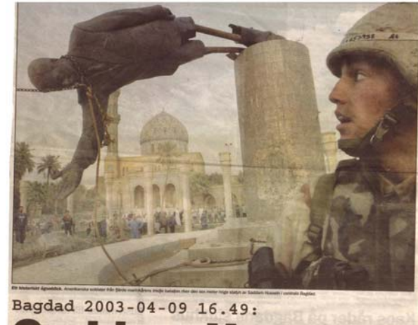
۲۰۰۳/۴/۱۰ رۆژنامه‌ی Metro

رۆژی ۲۰۰۳/۴/۹ په‌یکه‌ره شه‌ش میتریه‌که‌ی سه‌دام له به‌غدا هینزایه خواره‌وه. به‌پیی ئه‌و وینانه‌ی که له رۆژنامه‌کاندا چاپکرا، هه‌روه‌ها ئه‌و گوزارشانه‌ی که له ته‌له‌فیزیۆنه‌کان له کاتی هینانه خواره‌وه‌ی په‌یکه‌ری سه‌دامدا بلاو کرانه‌وه، نزیکه‌ی دووسه‌ده‌سه‌سێک له خه‌لک به‌رچاو ده‌که‌وت. هه‌بوونی خه‌لکی که له رۆژهدا خۆی نیشانه‌ی نارهبازی
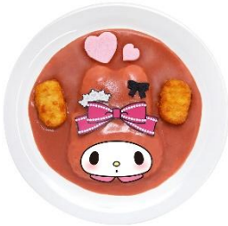
マイメロディのアニバーサリー♡ ナゲットピンクカレー 1,540円

イベントスタートより一足早い1月10日（金）に登場する、期間限定のフードメニューは全部で6種類。マイメロディとクロミをそれぞれモチーフにしたカレーや、お祝いにぴったりなマイメロディ&クロミのアニバーサリーチョコレートケーキを販売します。ケーキの上のっているピューロランド初登場となるマイメロディとクロミのマシュマロがポイントで、購入者にはノベルティとしてポストカードのお渡しも。他にも、丸いフォルムがとってもキュートな、もちもちなスイーツが登場します。
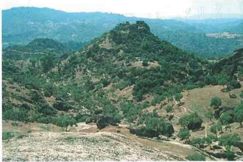
Res. 73. Kayalık bir tepe üzerinde yer alan Çine, Hacipaşalar Keçiasarı kalesinden (env. no: N20A003) bir görünüm.
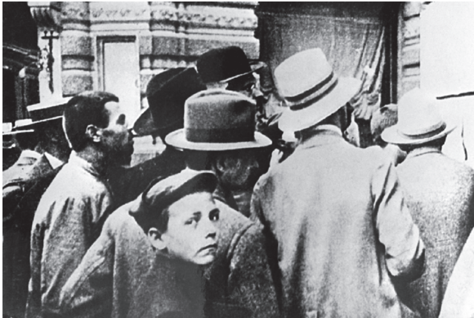
Москвичи читают приказ о мобилизации. 1914

Конфликт на Украине перечеркнул все прежние концепции военных теоретиков.
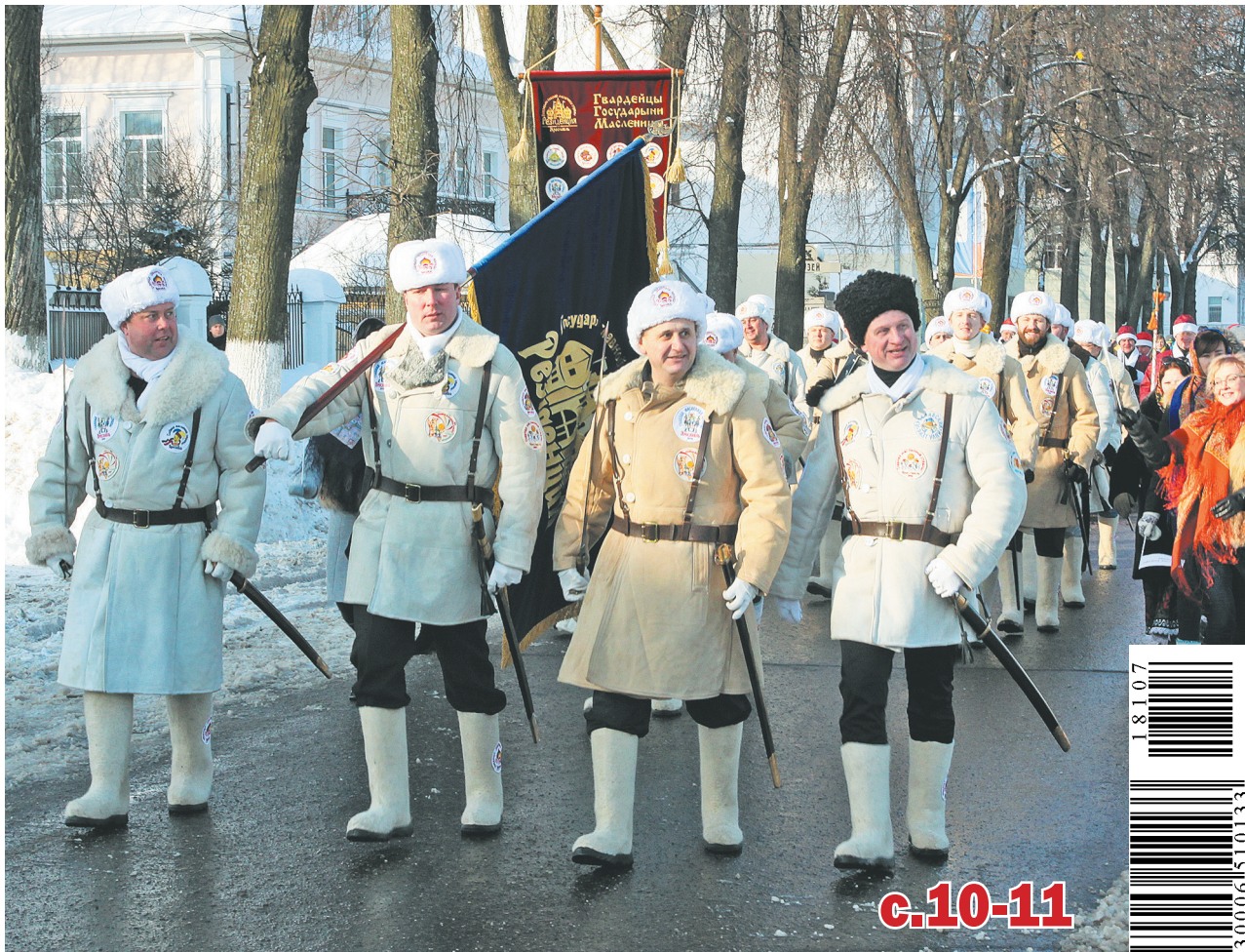
Гвардейцы Государыни Масленицы возглавили праздничное шествие.

Exercise prompt - Leave every image out when you return the material above word for word.

Task answer -
۲۰۰۳/۴/۱۰ رۆژنامه‌ی Metro

رۆژی ۲۰۰۳/۴/۹ په‌یکه‌ره شه‌ش میتریه‌که‌ی سه‌دام له به‌غدا هینزایه خواره‌وه. به‌پیی ئه‌و وینانه‌ی که له رۆژنامه‌کاندا چاپکرا، هه‌روه‌ها ئه‌و گوزارشانه‌ی که له ته‌له‌فیزیۆنه‌کان له کاتی هینانه خواره‌وه‌ی په‌یکه‌ری سه‌دامدا بلاو کرانه‌وه، نزیکه‌ی دووسه‌ده‌سه‌سێک له خه‌لک به‌رچاو ده‌که‌وت. هه‌بوونی خه‌لکی که له رۆژهدا خۆی نیشانه‌ی نارهبازی
マイメロディのアニバーサリー♡ ナゲットピンクカレー 1,540円

イベントスタートより一足早い1月10日（金）に登場する、期間限定のフードメニューは全部で6種類。マイメロディとクロミをそれぞれモチーフにしたカレーや、お祝いにぴったりなマイメロディ&クロミのアニバーサリーチョコレートケーキを販売します。ケーキの上のっているピューロランド初登場となるマイメロディとクロミのマシュマロがポイントで、購入者にはノベルティとしてポストカードのお渡しも。他にも、丸いフォルムがとってもキュートな、もちもちなスイーツが登場します。
Res. 73. Kayalık bir tepe üzerinde yer alan Çine, Hacipaşalar Keçiasarı kalesinden (env. no: N20A003) bir görünüm.
Москвичи читают приказ о мобилизации. 1914

Конфликт на Украине перечеркнул все прежние концепции военных теоретиков.
Гвардейцы Государыни Масленицы возглавили праздничное шествие.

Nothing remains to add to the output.